## WORK ORDER
Please output exactly the lines below, starting at the line that has "이 명령어은 현재 디렉토리에서" and ending at the line that has "Decorate your home", both included; leave out all pictures and include nothing else.

........

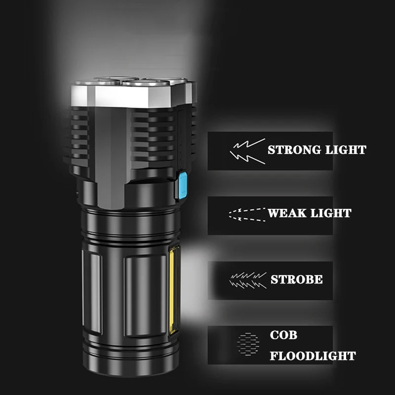 Светодиодный фонарь высокой мощности с четырьмя ячейками, посветильник светильник с COB матряркий, с зарядкой от USB, для кемпинга, светильник, фонарик мощный, фонарик аккумуляторный
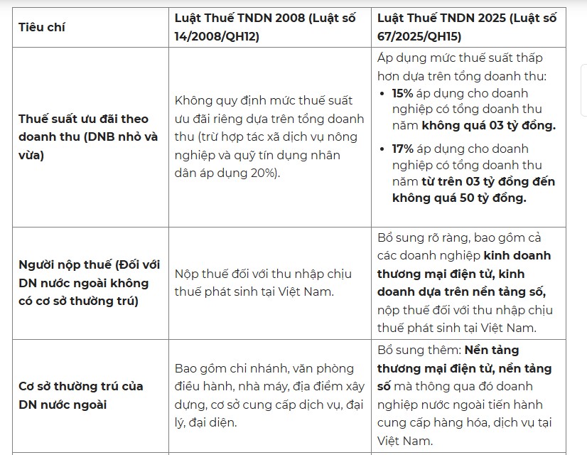 2. Điểm khác biệt giữa Luật Thuế TNDN số 14/2008/QH12 và Luật Thuế TNDN số 67/2025/QH15
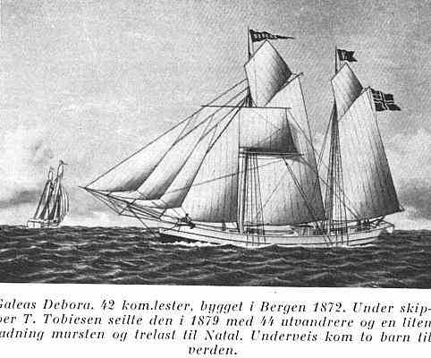 NORWEGIAN EMIGRATION - THE DEBORA EXPEDITION SUMMARY The Debora Expedition sailed from Bergen in 1879 to establish a Norwegian colony on an Indian Ocean atoll called Aldabra. The organisers endeavoured to find practical and Christian people to create a settlement based on the teachings of the Norwegian preacher Hans Nielsen Hauge (1771 -1824). The expedition was aborted in Madagascar - a few of the participants remained in Madagascar and the rest settled in the British colony of Port Natal (Durban). They were the first group of Norwegian emigrants to settle in Port Natal. The forty-seven persons who took part in the Debora Expedition were:- Captain Tobiassen and wife, mate Berentsen and wife, mate Oftedal, A Olsen and wife, I Iversen and wife, O Heidalsvig and wife (Høidalsvig - Heidalewig), J Finsen and wife, K Bang and wife with three children (Amanda, Severin and Knut), F Larsen and wife with six children (Angel, Emil, Sigvart, the three sons of the late Sivert Andersen Hordnes, and Petra, Ludvig and Karl), H Johnsen and wife with three children (Sina, Josefine and Karl), A Andreassen and wife with three children (I don't remember their names), R Andersen, R Rasmussen, K Jensen, Hesselberg, Grang, O Fosdal, E Eriksen, P Bang, E Ellingsen, widow Egelandsdal and Miss Serene Larsen. Two children were born on the voyage: a son to Mr and Mrs F Larsen and a son to Mr and Mrs Andreassen. |
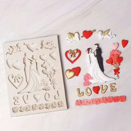 Couple heart theme silicone mould
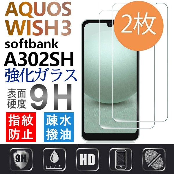 2枚組 AQUOS wish3 softbank A302SH ガラスフィルム Aquoswish3 アクオス シャープウィッシュスリー ソフトバンク 平面保護 破損保障あり
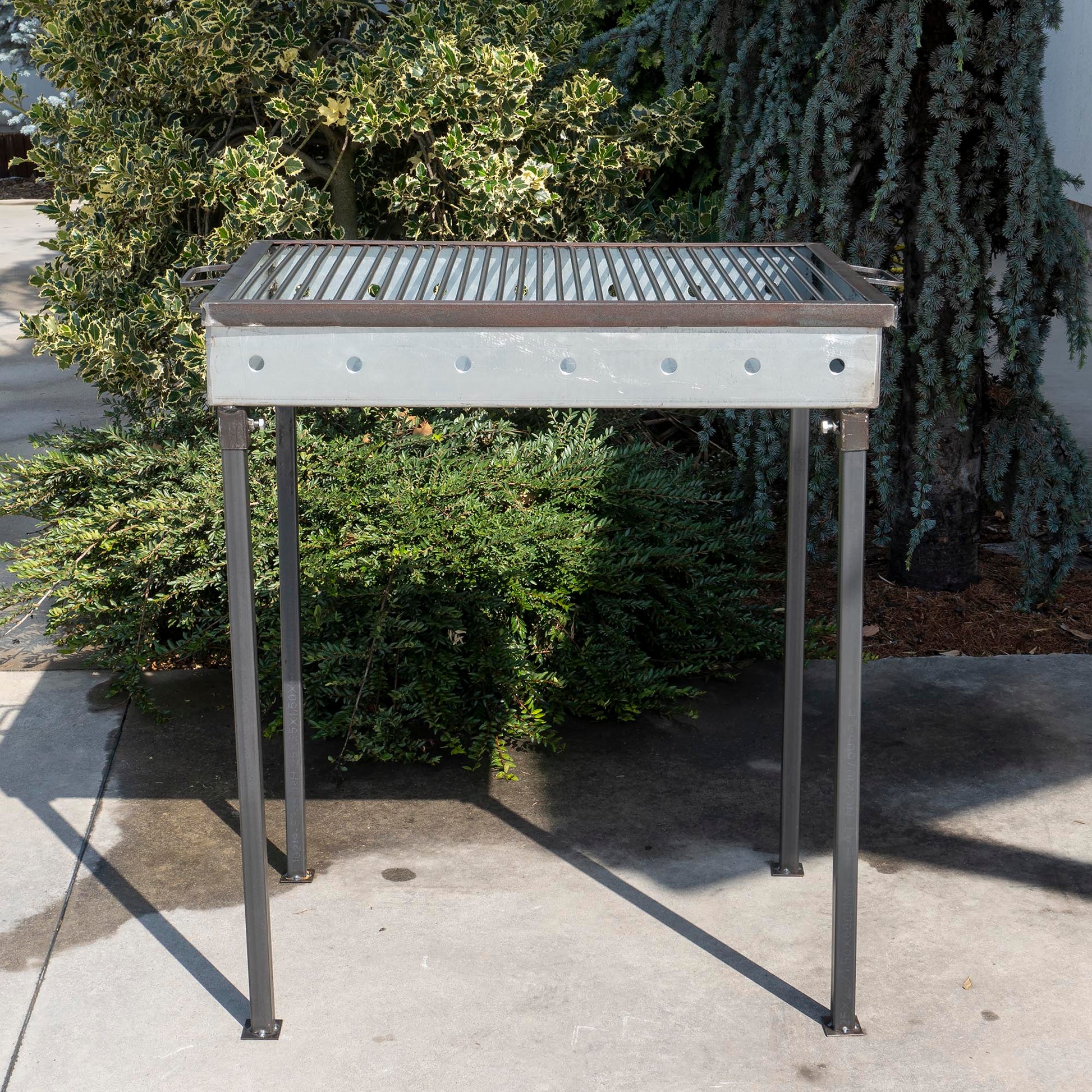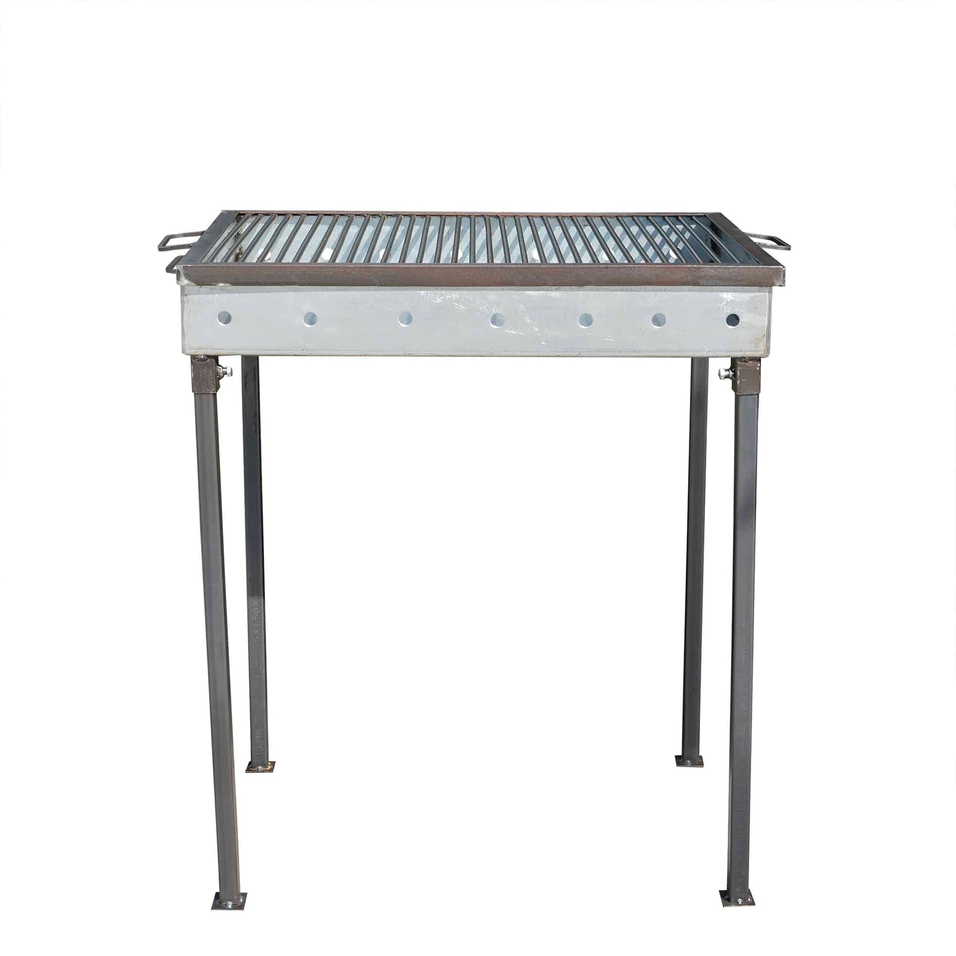 Gratar de gradina traditional din tabla cu o grosime de 2 mm ce dispune de picioare demontabile astfel incat poate fi transportat cu usurinta.Gratarul mai este prevazut pe laterale si cu gauri care ajuta sa aiba un tiraj bun pentru mentinerea jarului.
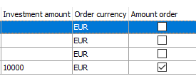 Amount orders are then marked as such in the "Amount order" column, the investment amount is shown in the "Investment amount" column and the investment currency is shown in the "Order currency" column:
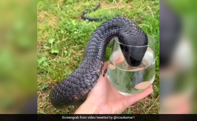 सोशल मीडिया पर किंग कोबरा (black cobra snake) का एक वीडियो तेजी से वायरल हो रहा है. जिसमें किंग कोबरा कांच के ग्लास से पानी पीते हुए दिखाई दे रहा है, ग्लास को एक शख्स ने अपने हाथों में पकड़ रखा है. कोबरा, सांप की सबसे जहरीली प्रजातियों में से एक है और खासतौर पर दक्षिण पूर्व एशिया में पाए जाते हैं. किंग कोबरा (king cobra)- कोबरा प्रजाति में सबसे लंबा सांप होता है और आमतौर पर भारत में पाया जाता है.
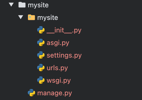 이 명령어은 현재 디렉토리에서 mysite 라는 디렉토리를 생성합니다. 이 디렉토리 안에는 기본 Django 프로젝트 구조와 필요한 설정 파일들이 자동으로 생성됩니다.
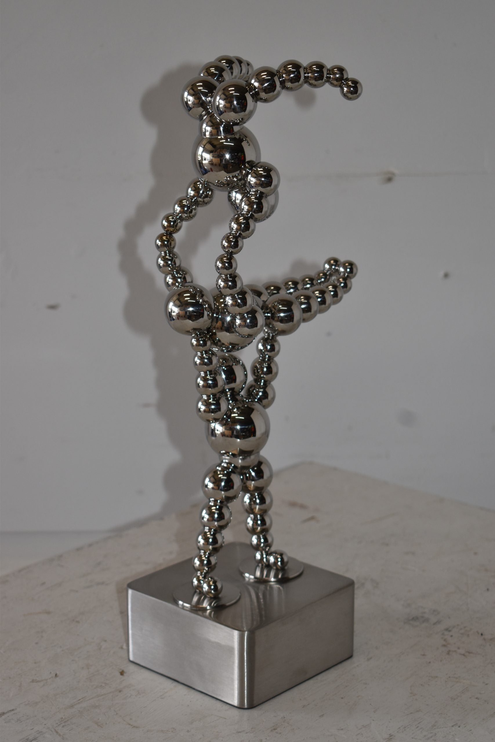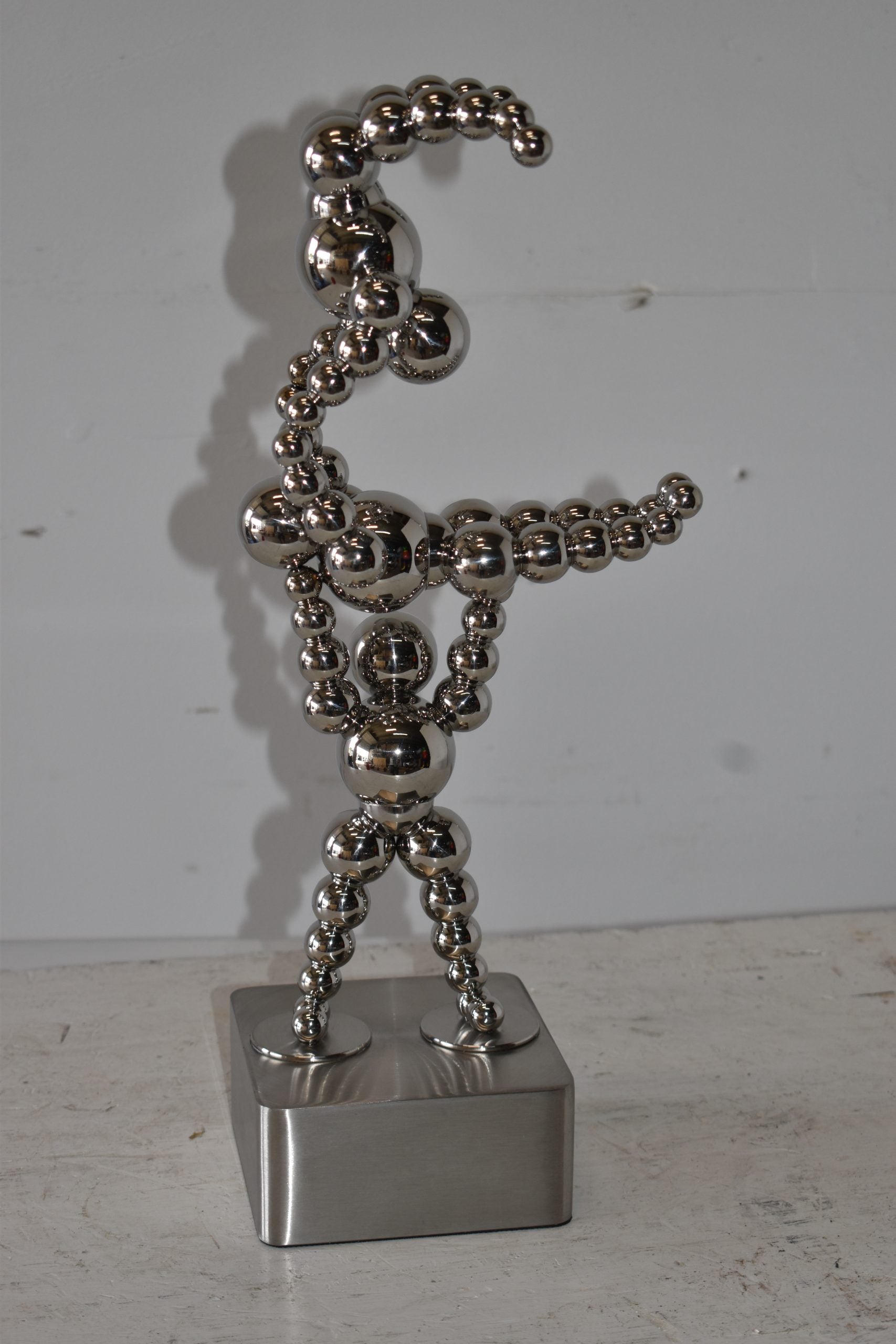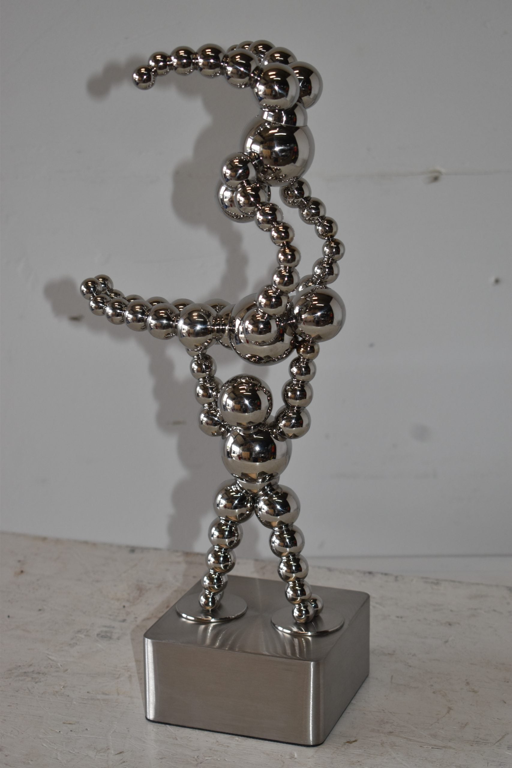 Decorate your home with this beautiful, tabletop, modern looking, stainless-steel abstract of Acrobat Couple in Action. These decorative abstracts made of Stainless-steel balls will become an extraordinary focal point to any kitchen, Livingroom, or patio! We sell a whole line of this style of modern art. You can be sure they will be a conversation starter and the topic of much appraised comments in your home. Size: 6"L x 8"W x 18"H. Weight is: 3Lb
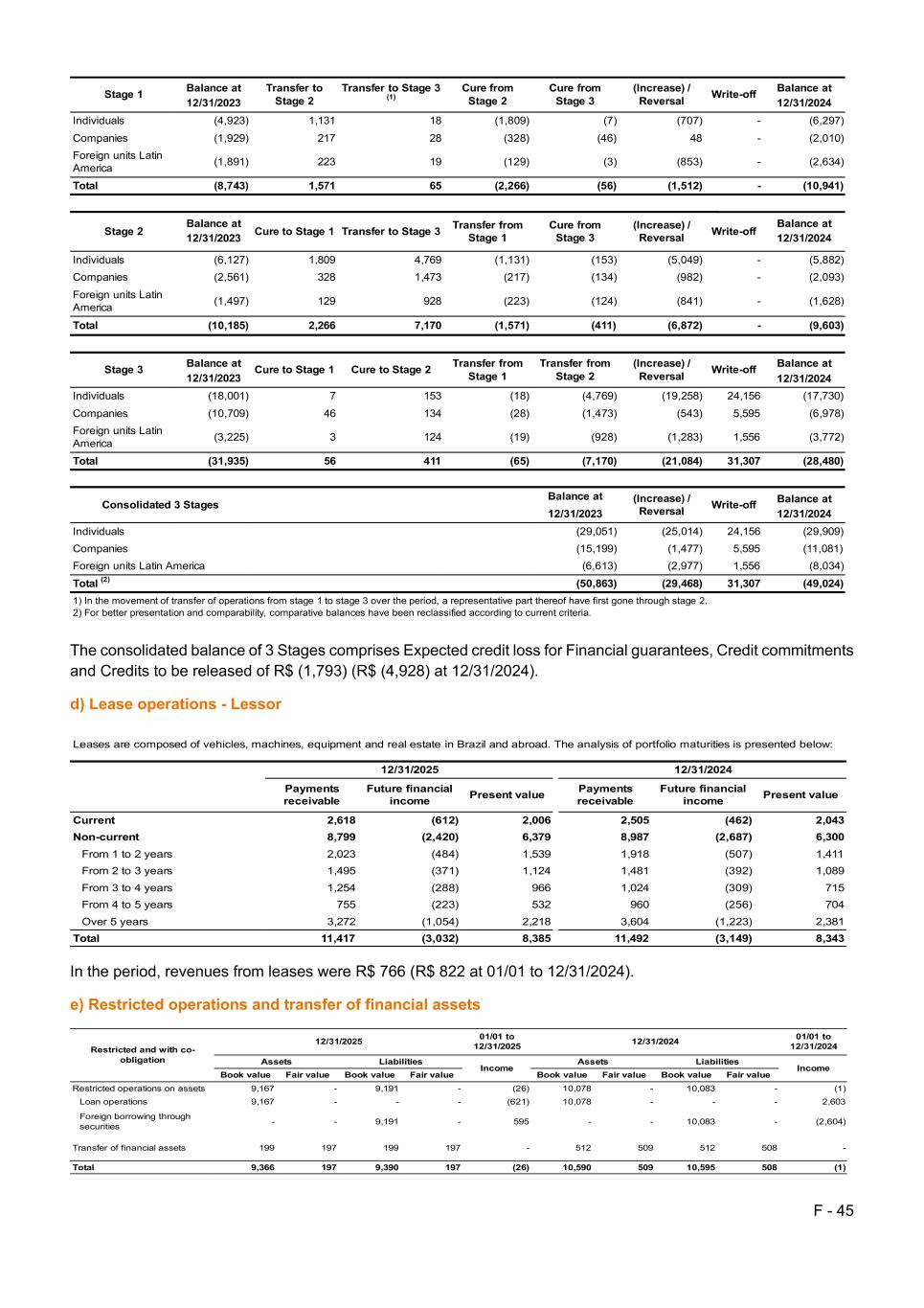 F - 45 01/01/2024 Stage 1 Balance at Transfer to Stage 2 Transfer to Stage 3 (1) Cure from Stage 2 Cure from Stage 3 (Increase) / Reversal Write-off Balance at 12/31/2023 12/31/2024 Individuals (4,923) 1,131 18 (1,809) (7) (707) - (6,297) Companies (1,929) 217 28 (328) (46) 48 - (2,010) Foreign units Latin America (1,891) 223 19 (129) (3) (853) - (2,634) Total (8,743) 1,571 65 (2,266) (56) (1,512) - (10,941) Stage 2 Balance at Cure to Stage 1 Transfer to Stage 3 Transfer from Stage 1 Cure from Stage 3 (Increase) / Reversal Write-off Balance at 12/31/2023 12/31/2024 Individuals (6,127) 1,809 4,769 (1,131) (153) (5,049) - (5,882) Companies (2,561) 328 1,473 (217) (134) (982) - (2,093) Foreign units Latin America (1,497) 129 928 (223) (124) (841) - (1,628) Total (10,185) 2,266 7,170 (1,571) (411) (6,872) - (9,603) Stage 3 Balance at Cure to Stage 1 Cure to Stage 2 Transfer from Stage 1 Transfer from Stage 2 (Increase) / Reversal Write-off Balance at 12/31/2023 12/31/2024 Individuals (18,001) 7 153 (18) (4,769) (19,258) 24,156 (17,730) Companies (10,709) 46 134 (28) (1,473) (543) 5,595 (6,978) Foreign units Latin America (3,225) 3 124 (19) (928) (1,283) 1,556 (3,772) Total (31,935) 56 411 (65) (7,170) (21,084) 31,307 (28,480) Consolidated 3 Stages Balance at (Increase) / Reversal Write-off Balance at 12/31/2023 12/31/2024 Individuals (29,051) (25,014) 24,156 (29,909) Companies (15,199) (1,477) 5,595 (11,081) Foreign units Latin America (6,613) (2,977) 1,556 (8,034) Total (2) (50,863) (29,468) 31,307 (49,024) 1) In the movement of transfer of operations from stage 1 to stage 3 over the period, a representative part thereof have first gone through stage 2. 2) For better presentation and comparability, comparative balances have been reclassified according to current criteria. The consolidated balance of 3 Stages comprises Expected credit loss for Financial guarantees, Credit commitments and Credits to be released of R$ (1,793) (R$ (4,928) at 12/31/2024). d) Lease operations - Lessor Leases are composed of vehicles, machines, equipment and real estate in Brazil and abroad. The analysis of portfolio maturities is presented below: 12/31/2025 12/31/2024 Payments receivable Future financial income Present value Payments receivable Future financial income Present value Current 2,618 (612) 2,006 2,505 (462) 2,043 Non-current 8,799 (2,420) 6,379 8,987 (2,687) 6,300 From 1 to 2 years 2,023 (484) 1,539 1,918 (507) 1,411 From 2 to 3 years 1,495 (371) 1,124 1,481 (392) 1,089 From 3 to 4 years 1,254 (288) 966 1,024 (309) 715 From 4 to 5 years 755 (223) 532 960 (256) 704 Over 5 years 3,272 (1,054) 2,218 3,604 (1,223) 2,381 Total 11,417 (3,032) 8,385 11,492 (3,149) 8,343 In the period, revenues from leases were R$ 766 (R$ 822 at 01/01 to 12/31/2024). e) Restricted operations and transfer of financial assets Restricted and with co- obligation 12/31/2025 01/01 to 12/31/2025 12/31/2024 01/01 to 12/31/2024 Assets Liabilities Income Assets Liabilities Income Book value Fair value Book value Fair value Book value Fair value Book value Fair value Restricted operations on assets 9,167 - 9,191 - (26) 10,078 - 10,083 - (1) Loan operations 9,167 - - - (621) 10,078 - - - 2,603 Foreign borrowing through securities - - 9,191 - 595 - - 10,083 - (2,604) Transfer of financial assets 199 197 199 197 - 512 509 512 508 - Total 9,366 197 9,390 197 (26) 10,590 509 10,595 508 (1)

........

## ANSWER TO THIS PROBLEM
 이 명령어은 현재 디렉토리에서 mysite 라는 디렉토리를 생성합니다. 이 디렉토리 안에는 기본 Django 프로젝트 구조와 필요한 설정 파일들이 자동으로 생성됩니다.
 Decorate your home with this beautiful, tabletop, modern looking, stainless-steel abstract of Acrobat Couple in Action. These decorative abstracts made of Stainless-steel balls will become an extraordinary focal point to any kitchen, Livingroom, or patio! We sell a whole line of this style of modern art. You can be sure they will be a conversation starter and the topic of much appraised comments in your home. Size: 6"L x 8"W x 18"H. Weight is: 3Lb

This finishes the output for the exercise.